WHAT THE TASK REQUIRES —
Which lines run from the start of the material below through the line containing "Holz, außen gelblich"? Retype them exactly, pictures excluded.

DATA SHOWN —
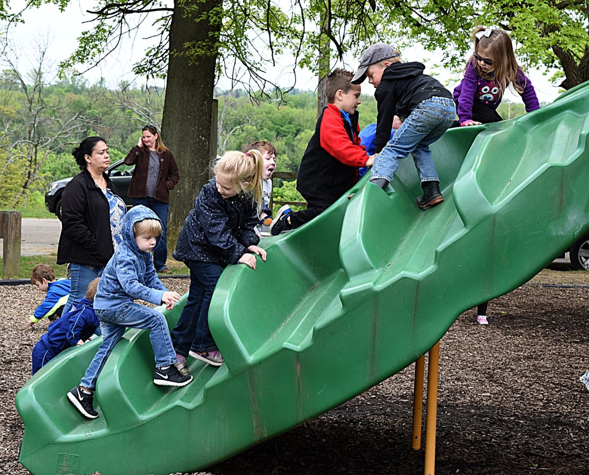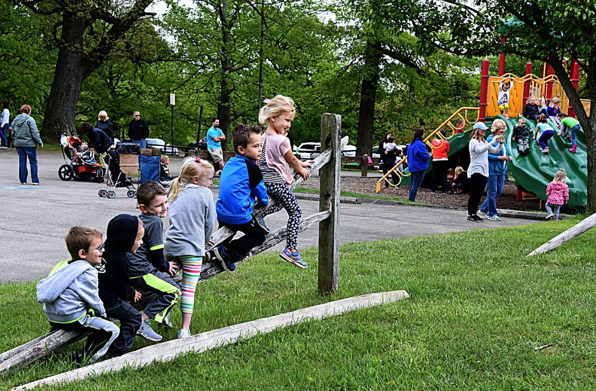 A portion of a split-rail fence has as much attraction as expensive playground equipment for youngsters during a picnic for the Church of the Covenant Preschool 3-year-old class last month at the Stone Pavilion in Washington Park. Sixty children, along with parents, participated in the picnic at the park. Sitting on the rail, from left, are 4-year-olds Carson Shore, Gabriel Antoinette, Evan Berdar, Elle Ryan, Trevor Flowers and Audrey Proudfit.
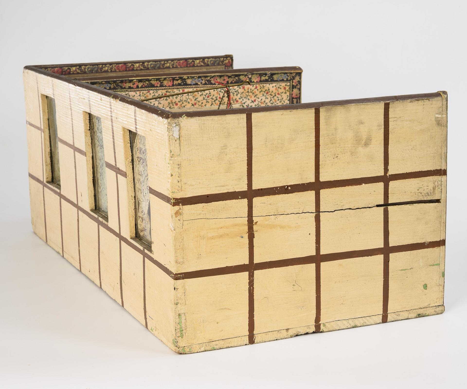 Holz, außen gelblich gestrichen mit aufgemaltem Fachwerk, innen wohl alt tapeziert. 31 x 72 x 39 cm.
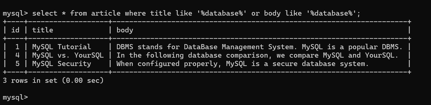 如果用 select * from article where title like '%database%' or body like '%database%'; 查询,虽能查询结果,

FINISHED EXERCISE —
 A portion of a split-rail fence has as much attraction as expensive playground equipment for youngsters during a picnic for the Church of the Covenant Preschool 3-year-old class last month at the Stone Pavilion in Washington Park. Sixty children, along with parents, participated in the picnic at the park. Sitting on the rail, from left, are 4-year-olds Carson Shore, Gabriel Antoinette, Evan Berdar, Elle Ryan, Trevor Flowers and Audrey Proudfit.
 Holz, außen gelblich gestrichen mit aufgemaltem Fachwerk, innen wohl alt tapeziert. 31 x 72 x 39 cm.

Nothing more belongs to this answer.